As Mr. Langner says, having spared his two sons entry into just such a worrisome high school, “I want the best for my kids. I am uncomfortable with them being treated like a social experiment. The school isn’t managing the problems and the best the board could do was take away choice – that’s what I really bristled at.”

And while social integration is a worthy goal in principle, Nanaimo father Andrew Hope says, “If you have a certain school that’s going the extra mile, I would do whatever I can do to get my daughter there.”

On the other hand, Canada already boasts top-ranked international test scores and a smaller gap between poor and richer students than most other countries.

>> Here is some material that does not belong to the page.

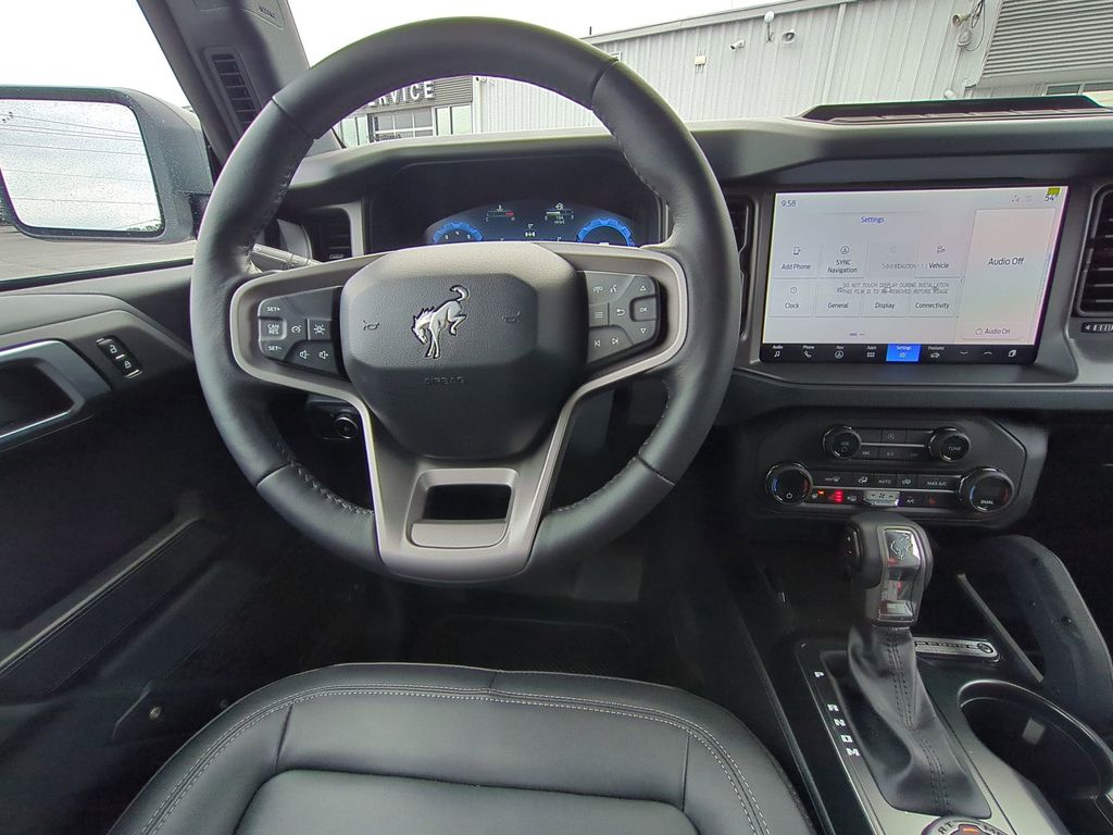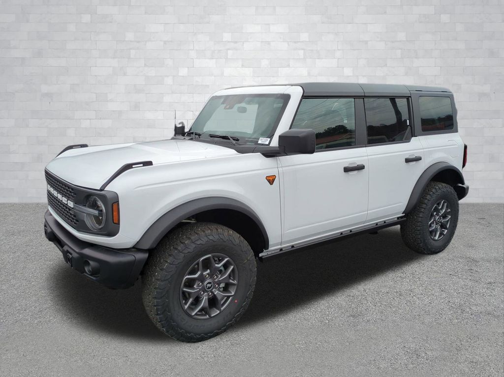 2025 Oxford White 2025 Ford Bronco Badlands 4WD 2.7L EcoBoost V6 Equipment Group 332A Mid Package (2-Door Intelligent Access w/Lock/Unlock, Ambient Footwell Lighting, Connected Navigation, Dr & Pass Illuminated Sliding Visor Vanity Mirrors, Dual Smart Charging USB Ports, Dual-Zone Electronic Automatic Temperature Control, Front Row Heated Seats, Power Outlet - Back Side of Center Floor Console, and Rear Parking Sensors), 4-Wheel Disc Brakes, 4.7 Axle Ratio, 7 Speakers, ABS brakes, Air Conditioning, Alloy wheels, AM/FM radio: SiriusXM with 360L, AM/FM Stereo, Auto High-Beam Headlamps, Auto High-beam Headlights, Auto-dimming Rear-View mirror, BLIS Blind Spot Information System, Brake assist, Carbonized Gray Molded-In-Color Hard Top, Compass, Delay-off headlights, Door Storage Bags, Driver door bin, Driver vanity mirror, Dual front impact airbags, Dual front side impact airbags, Electronic Stability Control, Emergency communication system: 911 Assist, Exterior Parking Camera Rear, Front anti-roll bar, Front Bucket Seats, Front Center Armrest, Front fog lights, Front License Plate Bracket, Front reading lights, Front wheel independent suspension, Fully automatic headlights, Heated door mirrors, Heated front seats, Heated steering wheel, Illuminated entry, Integrated roll-over protection, Internet access capable: FordPass Connect, Lane-Keeping System, Leather Shift Knob, Low tire pressure warning, Marine Grade Vinyl Heated Bucket Seats, Occupant sensing airbag, Outside temperature display, Overhead airbag, Overhead console, Panic alarm, Passenger door bin, Passenger vanity mirror, Power door mirrors, Power steering, Power windows, Pre-Collision Assist w/Automatic Emergency Braking, Radio data system, Rear-View Camera, Rear-Window Defroster & Washer, Remote keyless entry, Security system, SiriusXM w/360L, Speed control, Split folding rear seat, Steering wheel mounted audio controls, SYNC 4, Tachometer, Telescoping steering wheel, Tilt steering wheel, Traction control, Trip computer, Variably intermittent wipers, Voltmeter, and Wheels: 17" Carbonized Gray-Painted Aluminum Courtesy Ford and Lincoln of Rome 101 Hwy 411 E Rome, Ga 30161 ROMEFORDLINC.COM 706.235.4453.

Advantaged students benefit most from open competition in public education: Choice helps only those students whose parents are able to exercise it.

Countries such as Australia and Britain, with a high level of choice, are now struggling to improve test scores in classrooms vacated by wealthier and more educated families, who then crow over their self-selected high-performing schools. (Though it’s hard to imagine a school not succeeding with a homogeneous population of enriched students and educated, homework-policing parents.)

And while specialized programs, such as schools focused on arts and science, are appealing, University of Calgary education professor Darren Lund, who studies social-justice issues in schools, points out that they drain the system of funds that might be used to bring innovation and a good music program to all students, especially in early grades when students haven’t self-identified interests. Aside from overcrowding some schools and emptying others, making choice equitable also costs money: How does the system ensure a low-income student has the bus fare to cross town to their desired school?